In January, the Democrat-dominated Maryland state legislature overrode Republican governor Bob Ehrlich’s veto and enacted the country’s first so-called Wal-Mart bill. The measure requires employers with 10,000 or more workers—Wal-Mart is the only one in Maryland—to spend at least 8 percent of their payroll on health insurance. The new law has prompted the introduction of similar health-mandate bills in dozens of other state capitals, many targeting not just Wal-Mart but other firms, as well. In Maryland itself, legislators followed passage of the Wal-Mart law with proposed legislation that would expand health-care mandates to all businesses. Smaller firms would have to spend at least 4.5 percent of their payrolls on health insurance.
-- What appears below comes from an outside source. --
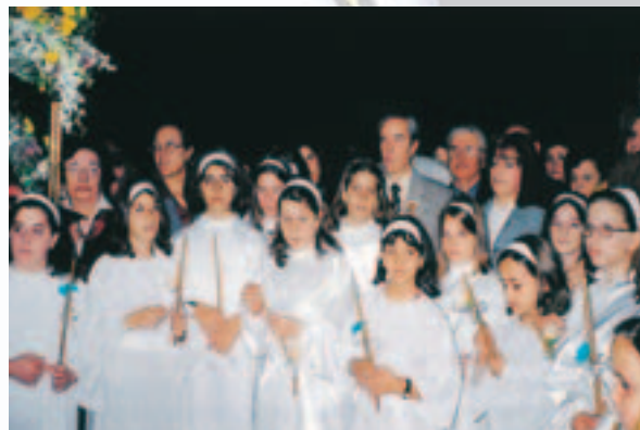
Κορίτσια – ἀκόλουθοι τῆς περιφορᾶς τῆς εἰκόνας τῆς Παναγίας τῆς Ἐνορίας Εἰσοδίων τῆς Θεοτόκου Πρασί- νου Λόφου Ἡρακλείου Ἀττικῆς (Νοέμβριος 2004).

The head of New York’s Republican-controlled state senate said he’d seriously mull over a Democrat-sponsored measure that would compel all businesses with 100 or more workers to offer health insurance.

It’s easy to see why politicians are jumping on the health-mandate bandwagon. Surveys show that a growing number of low-wage workers are enrolling in government-subsidized health-care plans like Medicaid and its offshoots. A study in Washington State, for instance, found that thousands of workers from Wal-Mart, Safeway, Target, and other large retailers had signed up for Medicaid and a similar state program, Basic Health. The flood of new recipients, in Washington and elsewhere, is driving up state costs, crowding out other spending. Health mandates seek to move such costs back to the private sector.

Yet while rushing to embrace mandates, legislators ignore how their own state policies have encouraged the shift to government insurance. By expanding government health coverage, first of all, states have made it easier for workers to leave private insurance plans. Economists have long recognized that increasing government health care reduces private insurance rolls. A 1995 study by Harvard and MIT economists estimated that the dramatic expansion of Medicaid from 1987 through 1992—a period that saw broadened eligibility for children—spurred a flight from private insurance, as workers joined employer-sponsored plans less often and some already-enrolled workers dropped their private plans.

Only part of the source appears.